Вы теперь в праве презирать таких лентяев, как Пушкин, который ничего не делает, как только утром перебирает в гадком сундуке своем старые к себе письма, а вечером возит жену свою по балам, не столько для ее потехи, сколько для собственной.
П. А. ПЛЕТНЕВ -- В. А. ЖУКОВСКОМУ, 17 февраля 1833 г.
Соч. и переписка Плетнева, III, 524.
В Петербурге у всех был грипп. Наташа лежала больная первую неделю поста. Ей пускали кровь, но на масленице и всю эту зиму она много развлекалась, на балу в Уделах она явилась в костюме жрицы солнца и имела большой успех. Император и императрица подошли к ней и сделали ей комплимент по поводу ее костюма, а император объявил ее царицей бала. Н. О. ПУШКИНА -- О. С. ПАВЛИЩЕВОЙ, 16 марта 1833 г.
Литературн. Наследство, т. 16 -- 18, стр. 782.
На придворных балах Пушкину бывало просто скучно. Покойная Л. Д. Шевич передавала нам, как, стоя возле нее, полузевая и потягиваясь, он сказал два стиха из старинной песни:
Неволя, неволя, боярской двор.
Стоя наешься, сидя наспишься.
П. И. БАРТЕНЕВ. Рус. Арх., 1889, III, 124.

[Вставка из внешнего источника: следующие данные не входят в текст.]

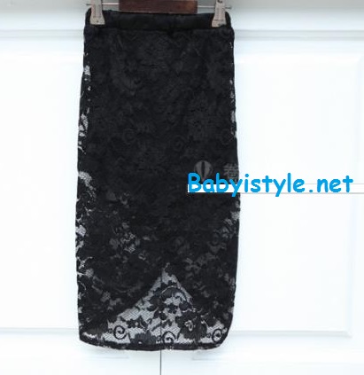 กระโปรงผ้าลูกไม้สีดำ ผ่าเว้ากลาง ซับในด้านในจะสั้นกว่า เอวยางยืด ไซส์ 7/9/11/13/15
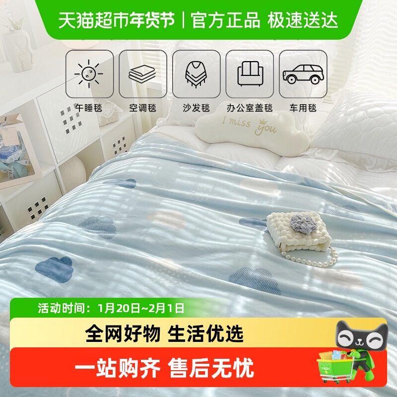 多喜爱家纺法兰绒毯双面绒毛毯宿舍空调毯办公室午休毯可水洗毯子
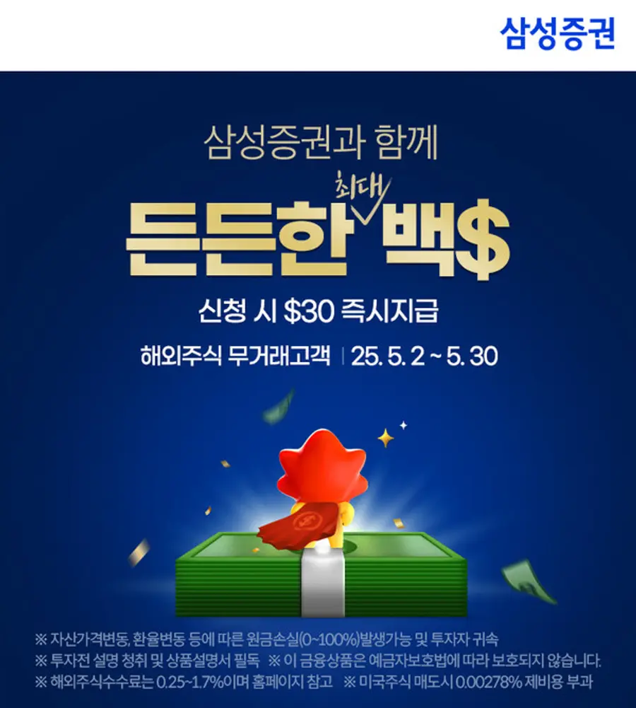 |스마트투데이=김세형 기자| 삼성증권이 신규 고객 또는 2020년부터 삼성증권에서 해외주식 거래 경험이 없었던 고객을 대상으로 최대 100달러를 지원하는 이벤트를 진행한다고 19일 밝혔다.
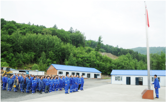 2022年7月1日, 兗州中材和龍分公司在Ⅳ號礦組辦公生活區舉行“升國旗、唱國歌”儀式,風展紅旗如畫,砥礪初心如磐。

Иду я с Пушкиным по Невскому проспекту. Встречается Одоевский. Он только что отпечатал тогда свои "Пестрые сказки" фантастического содержания и разослал экземпляры, в пестрой обертке, своим приятелям. Экземпляр поднесен был и Пушкину. При встрече на Невском Одоевскому очень хотелось узнать, прочитал ли Пушкин книгу и какого он об ней мнения. Но Пушкин отделался общими местами: "Читал... ничего... хорошо" и т. п. Видя, что от него ничего не добьешься, Одоевский прибавил только, что писать фантастические сказки чрезвычайно трудно. Затем он поклонился и прошел. Тут Пушкин рассмеялся своим звонким, можно сказать, зубастым смехом, так как он выказывал тогда два ряда белых арабских зубов, и сказал: "Да если оно так трудно, зачем же он их пишет? Кто его принуждает? Фантастические сказки только тогда и хороши, когда писать их не трудно".
Гр. В А. СОЛОГУБ. Пережитые дни. Русский Мир, 1874, № 117.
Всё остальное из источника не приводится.